» **Directions for this task**
Reproduce the listing below in full and exactly; no pictures belong in the copy.

——————————

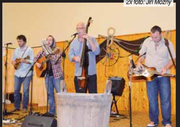
Legends. I letošní ročník country plesu ozdobila svou účastí skupina Poutníci.
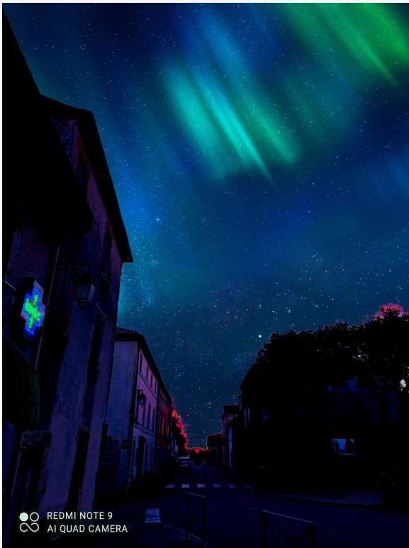
« Bastide et Aurore Boréale »
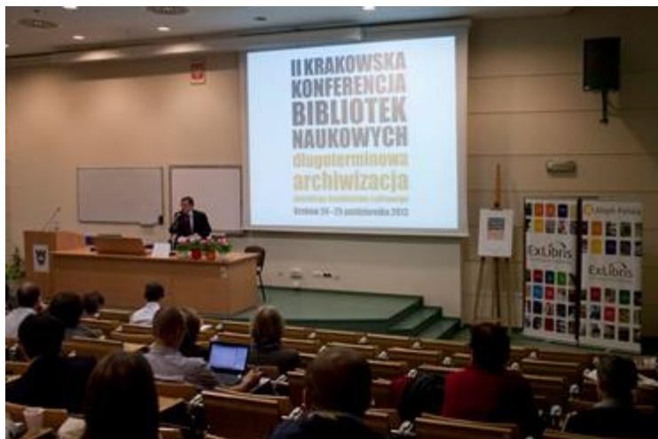
Il. 6. II Krakowska Konferencja Bibliotek Naukowych

W roku 2012 opracowano i złożono wnioski do MNiSW o dofinansowanie projektu „Repozytorium dorobku naukowego Krakowskiej Akademii im. Andrzeja Frycza Modrzewskiego”. Projekt ma na celu stworzenie systemu repozytoryjnego dokumentującego dorobek pracowników naukowo-dydaktycznych KAAFM. W repozytorium będą składowane głównie publikacje recenzowane: monografie, fragmenty monografii, czasopisma naukowe wydawane przez KAAFM, artykuły, podręczniki, materiały konferencyjne, rozprawy doktorskie, nagradzane prace magisterskie i licencjackie oraz raporty z prac badawczych. Głównym celem repozytorium jest promowanie działalności naukowej, badawczej i edukacyjnej KAAFM. Fundusze pozyskane z MNiSW, w ramach realizacji zadań z zakresu działalności upowszechniającej naukę, pozwolą na przystosowanie otwartego oprogramowania DSpace do obsługi repozytorium oraz zapewnienie infrastruktury technicznej.
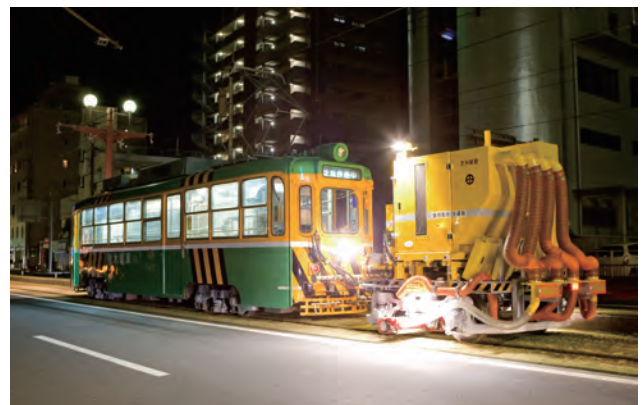
本市が独自に開発した維持管理に活躍する芝刈・散水電車(夜間作業)廃車となった電車を改造して作った芝刈装置を、散水用ノズルやタンクを装備した散水電車が機関車役となって牽引するという、ユニークなアイデアによるものである。
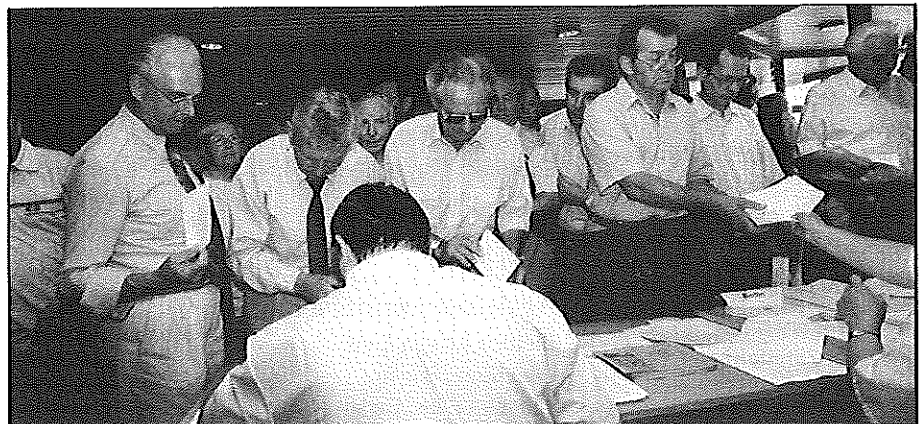
Anmeldung der gewählten Vertreter
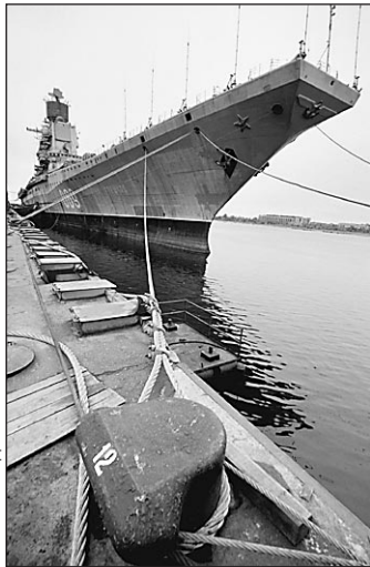
Авианосец «Адмирал Горшков»

Москва дарит Дели осколок «холодной войны»
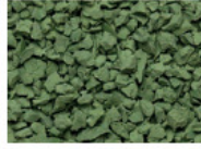
067 GRÜN GREEN VERT VERDE RAL 6021
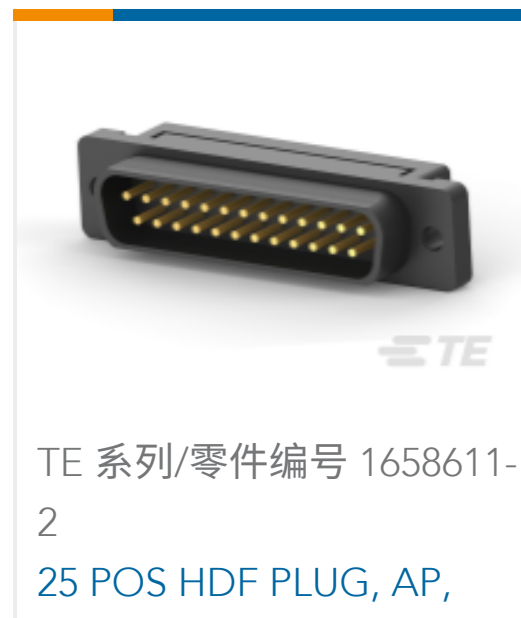
TE 系列/零件编号 1658611-2 25 POS HDF PLUG, AP, LEAD FREE
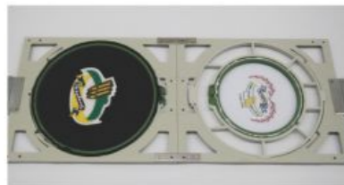
Troca Rápida com Desenhos ou tamanhos diferentes
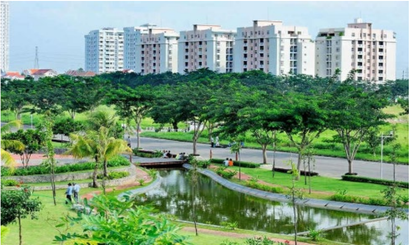
Hình 1. Một ví dụ về tạo dựng môi trường sống tốt hơn dành cho cư dân trong thiết kế đô thị mới và thiết kế đô thị cải tạo và hoàn thiện đô thị hiện hữu.

- Cần đặc biệt tránh bệnh sơ lược trong quy hoạch dẫn đến sự nghèo nàn trong cấu trúc và tổ chức không gian các khu đô thị mới cũng như cũ, nơi chúng bị giản lược hóa đến mức vừa xây xong đã có nhu cầu cải tạo hoặc bổ sung. Nói chung, ở nước ta, các dự án quy hoạch thường duy ý chí, minh họa các chủ trương nhất thời, thay vì những bài tính quy hoạch đô thị đích thực. Điều này dẫn đến tính phi thực tế và bất khả thi của quy hoạch đô thị ra khỏi tầm kiểm soát. Chúng thiếu các không gian công cộng phân chia thành tầng bậc, thiếu các quảng trường và điểm nhấn kiến trúc cảnh quan, thiếu những hình thức kiến trúc góp phần tạo nên tiện nghi và diện mạo thành thị. Trong nhiều trường hợp nó trở thành nơi cư trú và nơi nghỉ ngơi, hoặc nơi sản xuất, ...theo một cách thuần túy. Về phương diện nào đó, các đô thị mới hay cũ, mà chủ yếu là ở trong các khu các đô thị mới, đang mang trong mình sự lỗi thời và mảm mống của những mâu thuẫn.
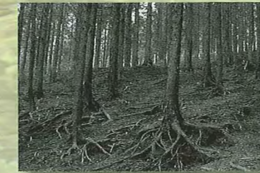
手入れされていない森林
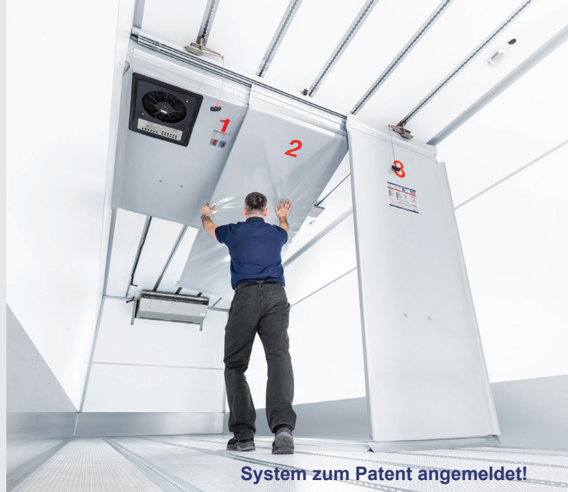
System zum Patent angemeldet!
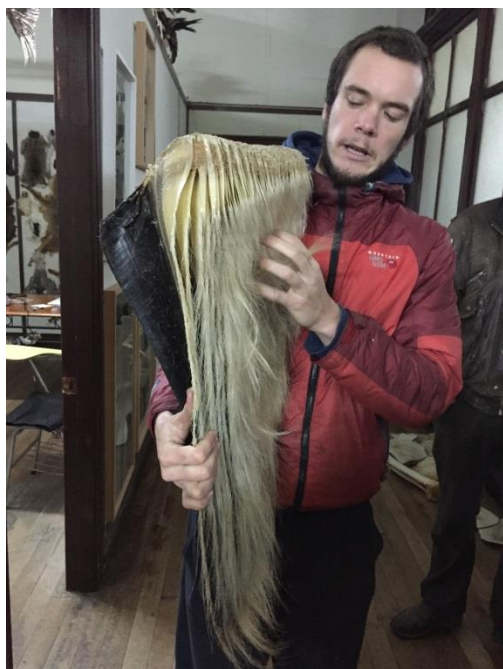
Trozo de barba de ballena
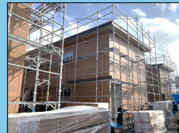
③ 釜屋谷町第1団地 （輪島市釜屋谷町地内）
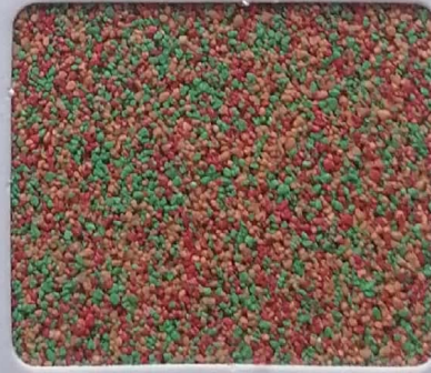
Code No 356
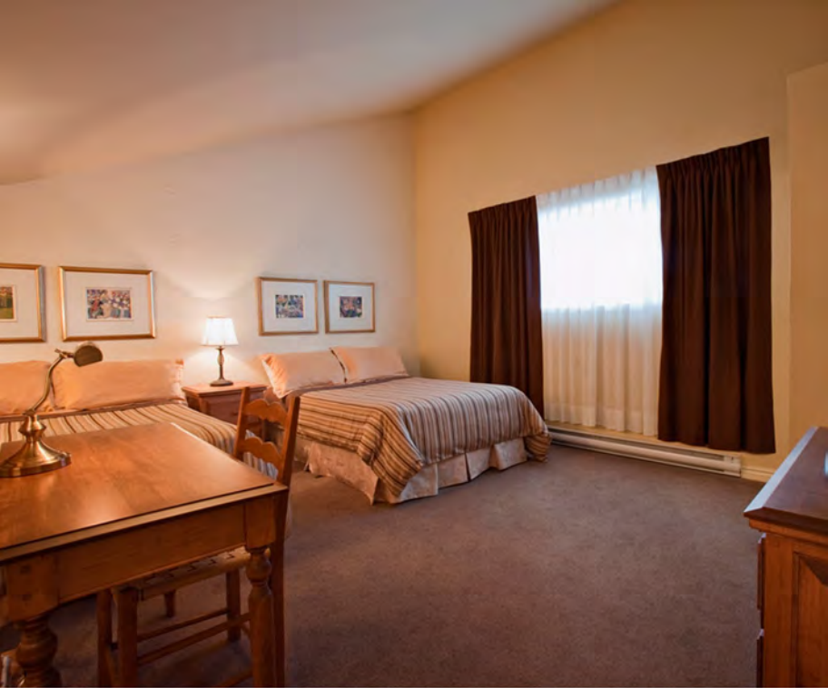
Chambre 2 lits doubles sur 2 étages - Côté Jardin
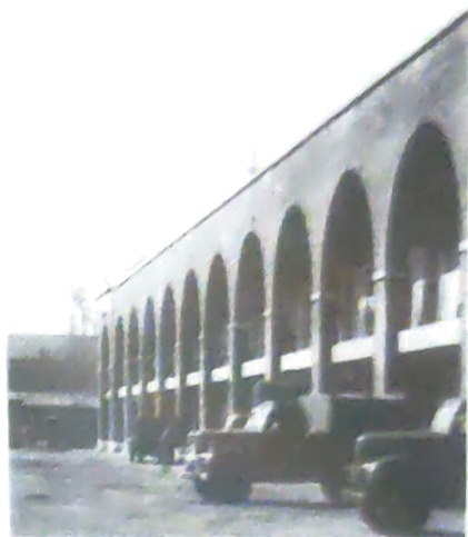
הקסרקטין בדנדרמונדה - 1945

היטלר. את חגה הלאומי של צרפת, ב־14 ביולי חגגנו בעיר קלה בקונצרט באולם המרכזי של העיר בניצוחו של מוני ריקליס.
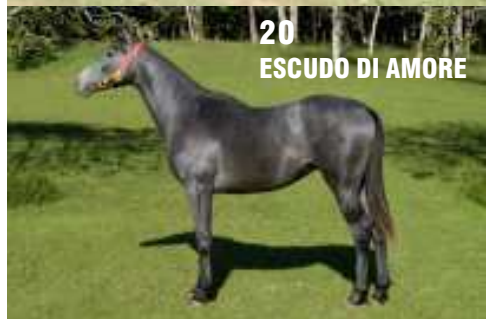
20 ESCUDO DI AMORE
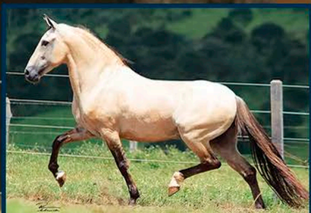
SEU AVÔ: FAVACHO ESTANHO
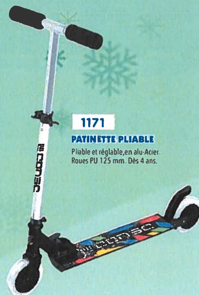
1171 PATINETTE PLIABLE Pliable et réglable, en alu-Acier. Roues PU 125 mm. Dès 4 ans.
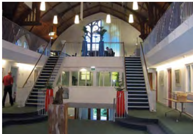
Voor het verwijderen of vervangen van een recente, niet-monumentale trap is geen vergunning nodig.

Een bouwhistorisch onderzoek kan veel inzicht bieden in de geschiedenis van uw pand. En het kan u helpen een goed plan te maken. In ons land is een aantal bouwhistorische bureaus actief. Zie ook www.bouwhistorie.nl
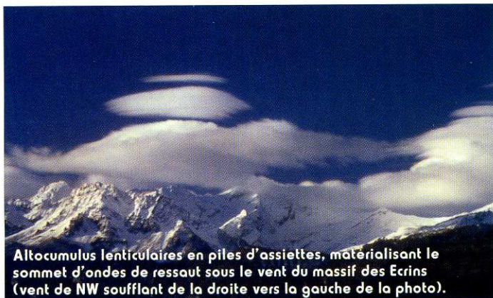
Alto cumulus lenticulaires en piles d'assiettes, matérialisant le sommet d'ondes de ressaut sous le vent du massif des Ecrins (vent de NW soufflant de la droite vers la gauche de la photo).

Partout dans le monde où un afflux puissant d'air humide rencontre un relief important, on constate le même effet de fœhn. Les Indiens des Rocheuses l'appellent le Chinook et ceux des Andes la Zonda. ■

——————————

» **Response to this task**
Legends. I letošní ročník country plesu ozdobila svou účastí skupina Poutníci.
« Bastide et Aurore Boréale »
Il. 6. II Krakowska Konferencja Bibliotek Naukowych

W roku 2012 opracowano i złożono wnioski do MNiSW o dofinansowanie projektu „Repozytorium dorobku naukowego Krakowskiej Akademii im. Andrzeja Frycza Modrzewskiego”. Projekt ma na celu stworzenie systemu repozytoryjnego dokumentującego dorobek pracowników naukowo-dydaktycznych KAAFM. W repozytorium będą składowane głównie publikacje recenzowane: monografie, fragmenty monografii, czasopisma naukowe wydawane przez KAAFM, artykuły, podręczniki, materiały konferencyjne, rozprawy doktorskie, nagradzane prace magisterskie i licencjackie oraz raporty z prac badawczych. Głównym celem repozytorium jest promowanie działalności naukowej, badawczej i edukacyjnej KAAFM. Fundusze pozyskane z MNiSW, w ramach realizacji zadań z zakresu działalności upowszechniającej naukę, pozwolą na przystosowanie otwartego oprogramowania DSpace do obsługi repozytorium oraz zapewnienie infrastruktury technicznej.
本市が独自に開発した維持管理に活躍する芝刈・散水電車(夜間作業)廃車となった電車を改造して作った芝刈装置を、散水用ノズルやタンクを装備した散水電車が機関車役となって牽引するという、ユニークなアイデアによるものである。
Anmeldung der gewählten Vertreter
Авианосец «Адмирал Горшков»

Москва дарит Дели осколок «холодной войны»
067 GRÜN GREEN VERT VERDE RAL 6021
TE 系列/零件编号 1658611-2 25 POS HDF PLUG, AP, LEAD FREE
Troca Rápida com Desenhos ou tamanhos diferentes
Hình 1. Một ví dụ về tạo dựng môi trường sống tốt hơn dành cho cư dân trong thiết kế đô thị mới và thiết kế đô thị cải tạo và hoàn thiện đô thị hiện hữu.

- Cần đặc biệt tránh bệnh sơ lược trong quy hoạch dẫn đến sự nghèo nàn trong cấu trúc và tổ chức không gian các khu đô thị mới cũng như cũ, nơi chúng bị giản lược hóa đến mức vừa xây xong đã có nhu cầu cải tạo hoặc bổ sung. Nói chung, ở nước ta, các dự án quy hoạch thường duy ý chí, minh họa các chủ trương nhất thời, thay vì những bài tính quy hoạch đô thị đích thực. Điều này dẫn đến tính phi thực tế và bất khả thi của quy hoạch đô thị ra khỏi tầm kiểm soát. Chúng thiếu các không gian công cộng phân chia thành tầng bậc, thiếu các quảng trường và điểm nhấn kiến trúc cảnh quan, thiếu những hình thức kiến trúc góp phần tạo nên tiện nghi và diện mạo thành thị. Trong nhiều trường hợp nó trở thành nơi cư trú và nơi nghỉ ngơi, hoặc nơi sản xuất, ...theo một cách thuần túy. Về phương diện nào đó, các đô thị mới hay cũ, mà chủ yếu là ở trong các khu các đô thị mới, đang mang trong mình sự lỗi thời và mảm mống của những mâu thuẫn.
手入れされていない森林
System zum Patent angemeldet!
Trozo de barba de ballena
③ 釜屋谷町第1団地 （輪島市釜屋谷町地内）
Code No 356
Chambre 2 lits doubles sur 2 étages - Côté Jardin
הקסרקטין בדנדרמונדה - 1945

היטלר. את חגה הלאומי של צרפת, ב־14 ביולי חגגנו בעיר קלה בקונצרט באולם המרכזי של העיר בניצוחו של מוני ריקליס.
20 ESCUDO DI AMORE
SEU AVÔ: FAVACHO ESTANHO
1171 PATINETTE PLIABLE Pliable et réglable, en alu-Acier. Roues PU 125 mm. Dès 4 ans.
Voor het verwijderen of vervangen van een recente, niet-monumentale trap is geen vergunning nodig.

Een bouwhistorisch onderzoek kan veel inzicht bieden in de geschiedenis van uw pand. En het kan u helpen een goed plan te maken. In ons land is een aantal bouwhistorische bureaus actief. Zie ook www.bouwhistorie.nl
Alto cumulus lenticulaires en piles d'assiettes, matérialisant le sommet d'ondes de ressaut sous le vent du massif des Ecrins (vent de NW soufflant de la droite vers la gauche de la photo).

Partout dans le monde où un afflux puissant d'air humide rencontre un relief important, on constate le même effet de fœhn. Les Indiens des Rocheuses l'appellent le Chinook et ceux des Andes la Zonda. ■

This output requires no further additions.